In the immediate aftermath of the break up, I wrote a post about how I felt like I was leaving behind so much good. The problem is, I don’t want to give all that up (Let's be real, I couldn’t even bring myself to change the wallpaper on my phone!). Lately though, I’m coming around to this idea that actually, I don’t need to leave behind anything at all. I can keep all that was good and still change the wallpaper.

I’ve always loved the story of Peter Pan. It has always felt significant to me ever since I was young. There is a scene in Peter Pan where Wendy has decided she needs to leave Neverland and grow up. Peter is absolutely devastated by grief. We witness his denial, anger, bargaining, depression, and ultimate acceptance of his loss. It doesn’t help that his family of lost boys leaves with his Wendy.



At the climax of the film, when complete and utter doom seems unavoidable, and death is soon upon them all, Wendy has a chance to say her goodbye to Peter. She gets close to Peter’s ear and whispers, “This belongs to you, and always will.” She then takes his face in her hands and kisses him. This act completely changes their fate and they defeat Hook and fly to the stars for their proper goodbye. But Wendy still goes home, and Peter still returns to Neverland and they go on to live out their lives without the other. Before Peter leaves, Wendy asks, “you won’t forget me, will you?” to which Peter responds, “Me? Forget? Never.” And away he goes.

I’ve often thought about that kiss and how it might be representative of love. Peter and Wendy had their “awfully big adventure.” Falling in love is just that. Adventures don’t always go as planned. There is always risk and uncertainty involved. I risked falling in love with Sean, and it was an awfully big adventure- one I will never forget.

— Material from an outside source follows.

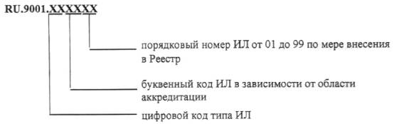 Приложение 9.РЕКВИЗИТЫ И ДОКУМЕНТЫ, ИСПОЛЬЗУЕМЫЕ ПРИ РЕГИСТРАЦИИ ИСПЫТАТЕЛЬНЫХ ЛАБОРАТОРИЙ (ЦЕНТРОВ) 1. Структура регистрационного номера в Реестре

I don't believe love is a limited resource of the heart. I don’t need to burry it or “leave it behind.” In, The Fault in Our Stars, there is a discussion about how there are infinite numbers between 0 and 1. There is 0 and 0.0001 and 0.00011 and so on and so forth forever. There is an infinity even between two small numbers. Sean and I shared 3 1/2 years. Our life together was a little infinity. I am beginning to see that even though our big adventure together came to an end, our little infinity and the love I shared with Sean belongs to him, and always will. And that’s okay.